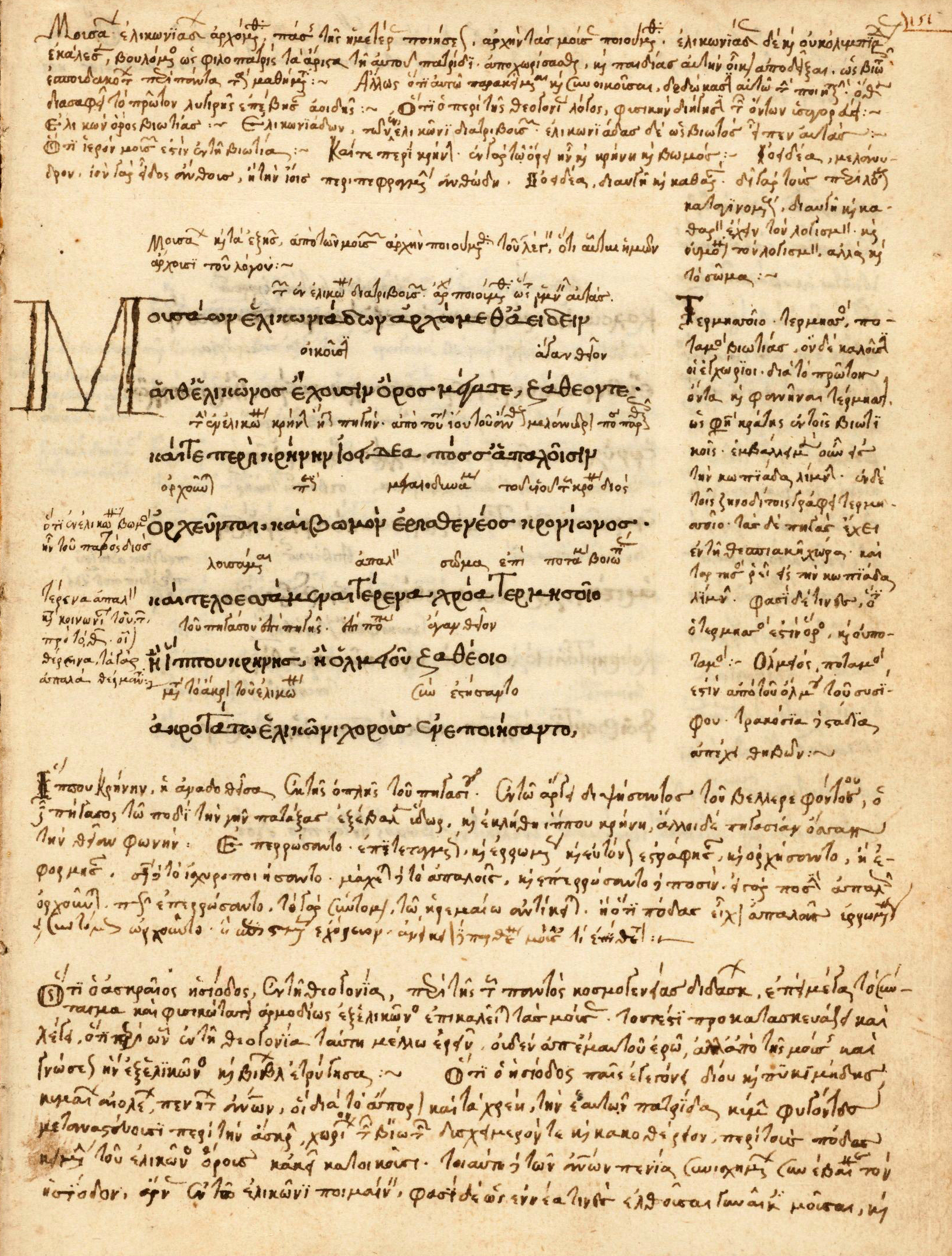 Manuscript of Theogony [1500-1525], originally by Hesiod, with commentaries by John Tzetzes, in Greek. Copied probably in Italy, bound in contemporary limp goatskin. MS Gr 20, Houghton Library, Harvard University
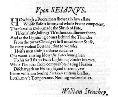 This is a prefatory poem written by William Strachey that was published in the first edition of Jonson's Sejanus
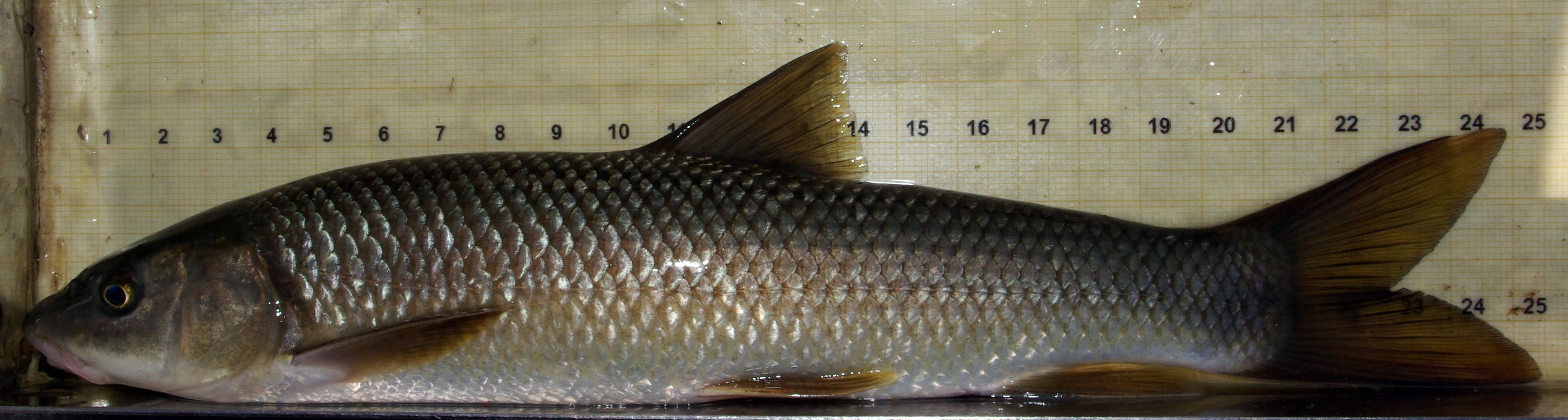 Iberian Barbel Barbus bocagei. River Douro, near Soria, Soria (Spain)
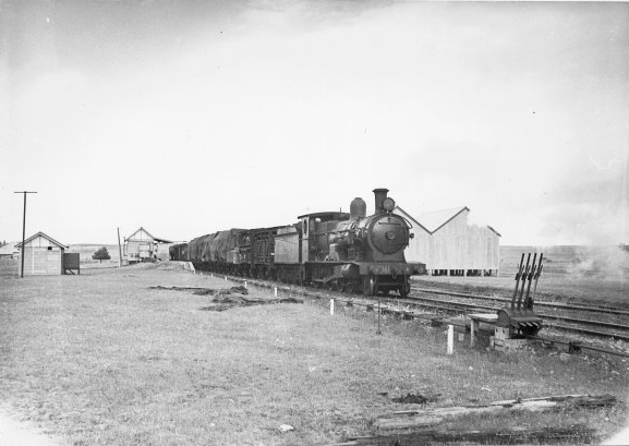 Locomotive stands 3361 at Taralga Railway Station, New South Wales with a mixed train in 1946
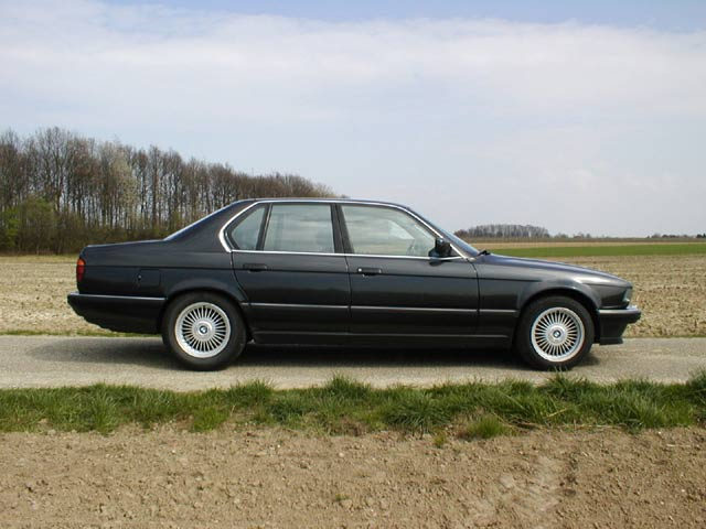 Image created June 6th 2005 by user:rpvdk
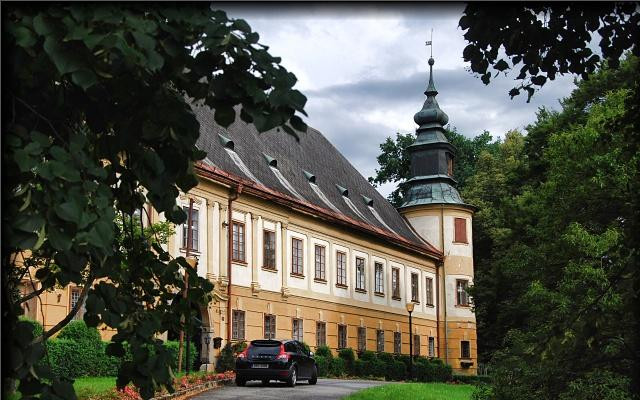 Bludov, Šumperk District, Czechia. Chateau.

...

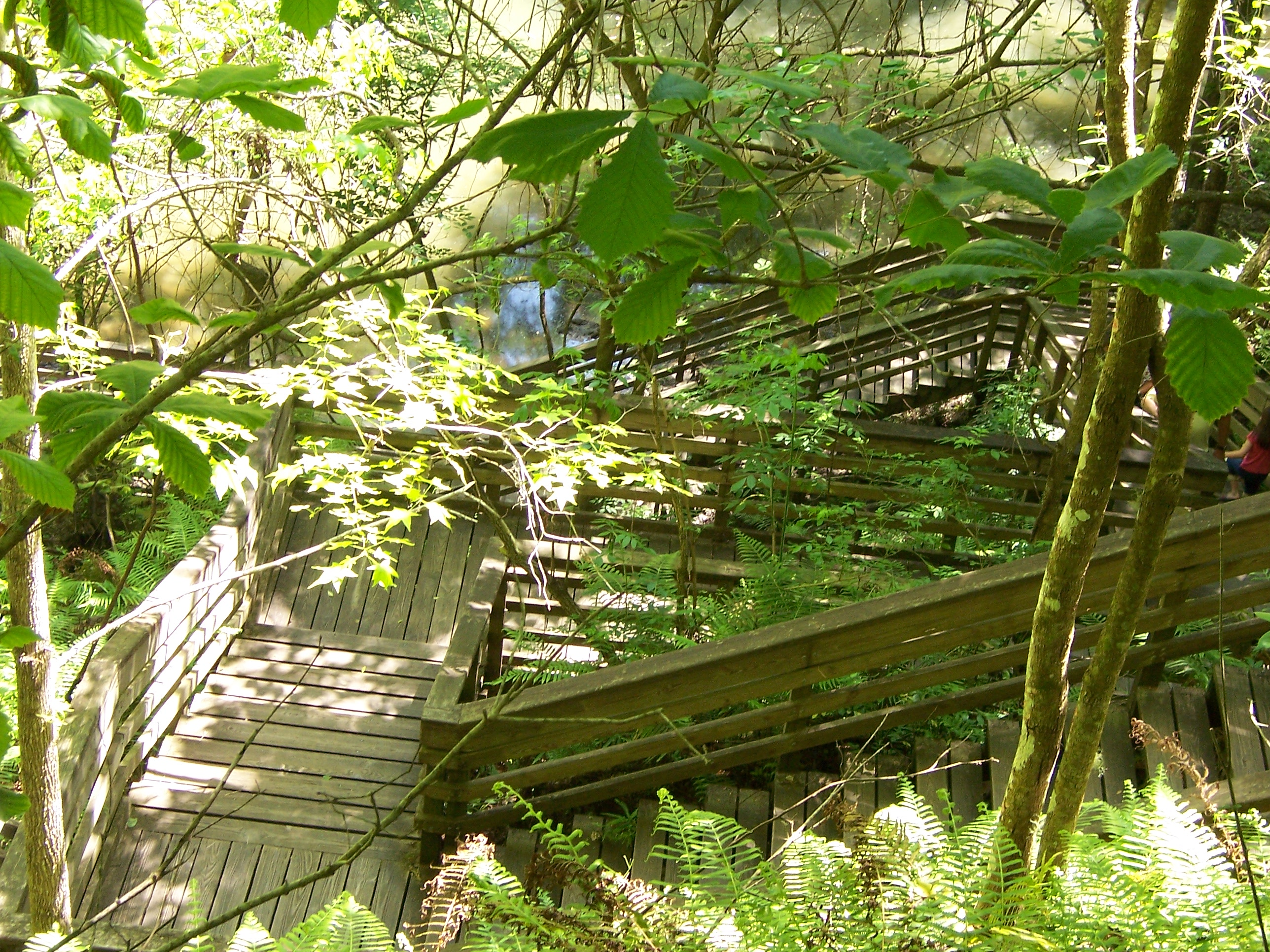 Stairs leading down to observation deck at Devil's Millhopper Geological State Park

* * *

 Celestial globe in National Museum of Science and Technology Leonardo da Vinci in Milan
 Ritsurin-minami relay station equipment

• [EXERCISE PROMPT]
Give back the exact lines above, running from the one that has "Manuscript of Theogony" through the one that has "Bludov, Šumperk District, Czechia. Chateau.", with nothing added and no pictures.

• [RESPONSE TO THE TASK]
 Manuscript of Theogony [1500-1525], originally by Hesiod, with commentaries by John Tzetzes, in Greek. Copied probably in Italy, bound in contemporary limp goatskin. MS Gr 20, Houghton Library, Harvard University
 This is a prefatory poem written by William Strachey that was published in the first edition of Jonson's Sejanus
 Iberian Barbel Barbus bocagei. River Douro, near Soria, Soria (Spain)
 Locomotive stands 3361 at Taralga Railway Station, New South Wales with a mixed train in 1946
 Image created June 6th 2005 by user:rpvdk
 Bludov, Šumperk District, Czechia. Chateau.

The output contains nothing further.